父親との思い出
次に向かったのは、ライナスの通っている魔術学校だ。彼も今年度で卒業なので、今年中には祖国へ帰る事になっている。結構一緒にいることが多かったから、彼が帰ってしまったら私はさびしいと思うだろう。
校内に入ると騒ぎになりそうだったから、授業がちょうど終わって門の辺りで偶然会えたら一緒に散歩でもしようと思っていた。だいたいいつもこのぐらいの時間に授業が終わると聞いていたから、会えるかもしれない。
最近の私は……少なくとも二年前と比べて、ライナスに対する気持ちが少しだけ変化したことに気がついた。以前は、友好国の王子だから失礼の無いように、と気を張っていたが今は、一緒にいると安心する。そして、今日みたいに理由も無くライナスに会いたくなってしまうのだ。
魔術学校の門の前で、他の女生徒たちから熱い視線を一身に受けている男子生徒が立っていた。あんなに目立つのライナスしかいない。
ライナスは女の子たちに囲まれながらも、門の前に立っている私に気がついたみたいで手を振ってくれた。私も手を振り返すと、ライナスを取り囲んでいた女の子たちから非難がましい視線を向けられる。
そういう視線を向けられると分かっていても、私はライナスに手を振り替えしたかった。前はそう思うことはなかったけれど、最近の私は少し……変わった。
「珍しいね、門の前で待っているなんて」
ライナスが私に駆け寄って優しい声をかけた。私は、視察のついで……と言葉を濁してライナスを見上げた。本当は、ついでではなくて早く逢いたかったからだけれど、そんなことは素直になぜか言えなくなった。
「なにか、重大な用?」
私たちは並んで歩いた。ライナスは、安全のために馬車での通学をすすめられていたみたいだが、マロウは安全だとライナスはいって、ずっと徒歩で通学している。もちろん、護衛の人はついているので、一人きりでの通学ということはない。マロウが安全、と言ってくれたことを私はすごくうれしかった。
「用……というか……個人的な質問だけれど……」
私は、政治的に意味が発生しそうな個人的な質問をするときには前置きをするようにしている。
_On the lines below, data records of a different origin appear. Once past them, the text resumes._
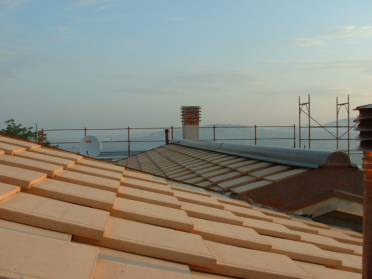 Posa di coppi e tegole secondo il metodo tradizionale romano, su nuovo supporto, per garantire estetica autentica e impermeabilità.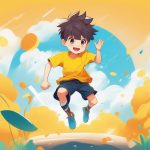 AI绘画提示词(中文) – 动漫极简风格:厚描边与纯色背景的完美结合——头戴云朵帽的女孩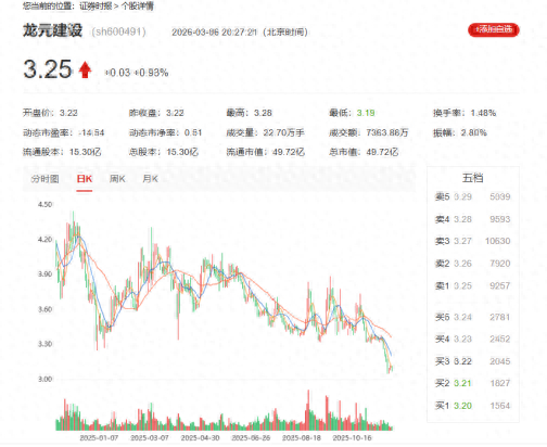 尽管公司作出风险可控的表态,但从股票市场走势来看,龙元建设的表现却不容乐观。最近一年多以来,公司股价总体呈持续下行态势,截至2026年3月6日收盘,股价报3.25元/股。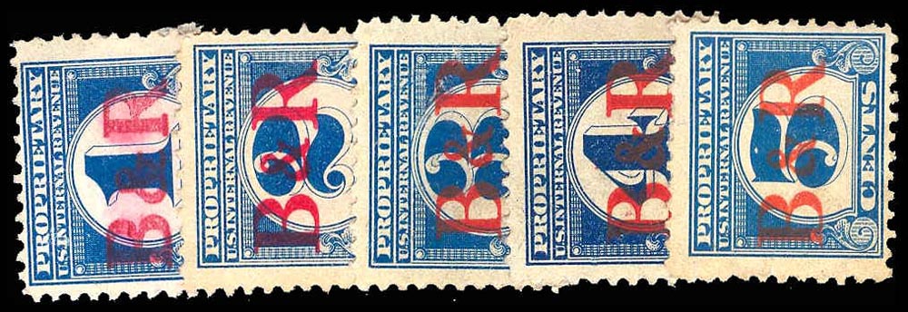 4028 O image(RB65-69) Set of Five, "B & R", Red PC, sm. faults, F-VF.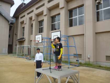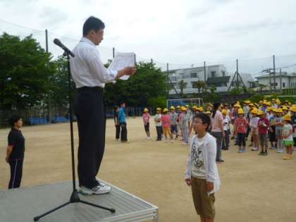 本日5月26日(月)の児童朝会では、6年生のあいさつの後、校長先生のお話しの時に昨日行われた相撲大会の表彰がありました。5年生の部で優勝した人が代表して賞状を受け取りました。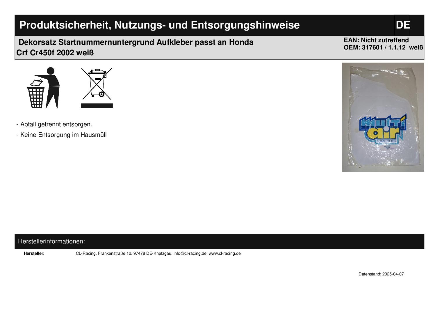 Titel: Dekorsatz Startnummernuntergrund Aufkleber passt an Honda Crf Cr450f 2002 weiß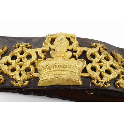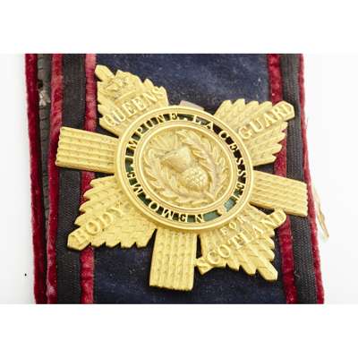 QUEEN'S ROYAL BODYGUARD - A shoulder belt with gilt and enamelled badge and a silver oval badge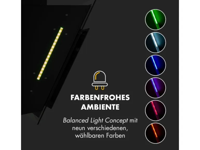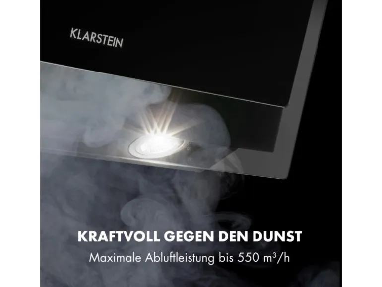 Klarstein Mirage 60 Dunstabzugshaube 550m³/h Touch-Panel RGB-Ambiente-Licht Glas Schwarz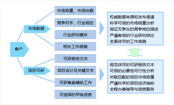 市场研究报告大纲经与企业券商充分沟通后确定;主要解决市场容量历史数据及预测分析、竞争对手研究、企业行业地位与市场份额、行业技术水平、行业特征、行业影响因素等招股书“业务与技术”部分对行业及市场数据的素材需求。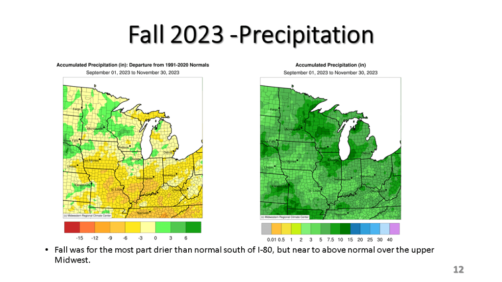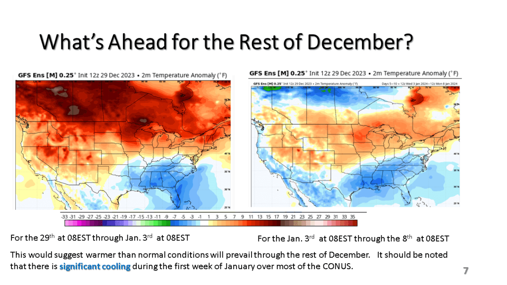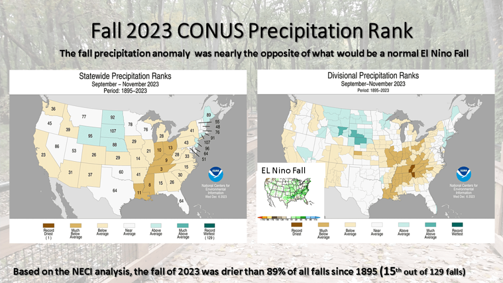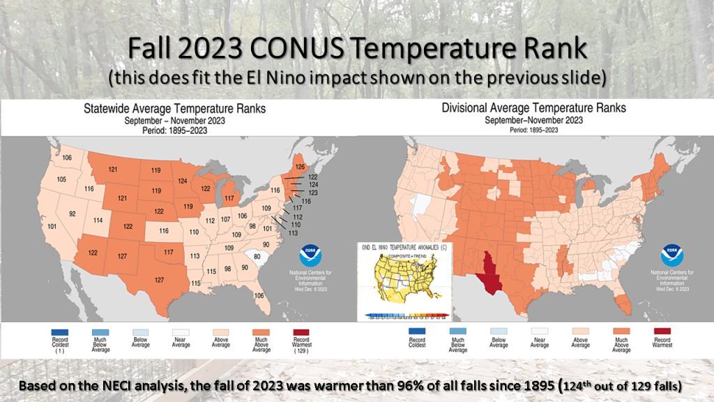 In our string of nationally much warmer than normal seasons, the fall of 2023 was 124th out of 129 falls for warmer than normal. This puts this fall warmer than 96% of all falls since 1895! No area of the CONUS had a below normal temperatures (bottom 1/3 coldest) this fall.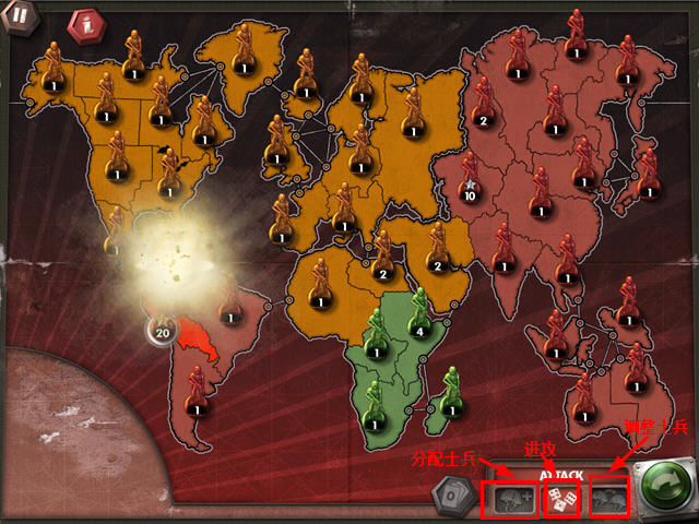 第一个为分配士兵,为每一回合的开始,你可以分配士兵以及合成卡片,至少三种卡牌才能够合成,卡片合成后玩家会获得大量士兵奖励用以分配。

とくに、ライナスは他国の王子であるから、私的発言であるのかそうでないのか、というのは大きな違いがある。
「お父様の容態は、大丈夫なのかしら?」
ライナスは、そのことに表情を暗くした。もしかしたら、あまりよくないのかもしれない。
「ここでは、話せないから部屋で」
私はうなずいた。
「……でも……僕も人の子なんだ、と気がついたよ」
晴れ渡った空を見上げて、ライナスはつぶやいた。
「父上のことを心配するなんて、思いもしなかった」
ライナスがマロウに来てから、ずっと澄んでいる邸宅に私は案内されて、彼の私室へと向かった。ライナスの部屋は、ルクセリア王国の家具とベツヘルム王国の家具が入り混じっていて、すこし不思議な雰囲気だ。上手に混ざっていて、すっきりしている。
すぐにお茶が運ばれてきて、私はライナスと向かい合って座った。
「僕は、父上との思い出はいつも怒られていたということしか覚えていないから」
ライナスは、お茶の入ったコップを両手で包んで手の中で弄びながら言った。
「僕は、妾腹の子供だからとちょっとひねた子供だったんだ。よく家を飛び出して帰ってこなかったり、母親に罵声を浴びせたり、いたずらをして周囲を困らせたり……そのせいで学校も退学になったこともあるな」
落ち着いた雰囲気の今の、ライナスからはまったく想像もつかない子供時代の話だ。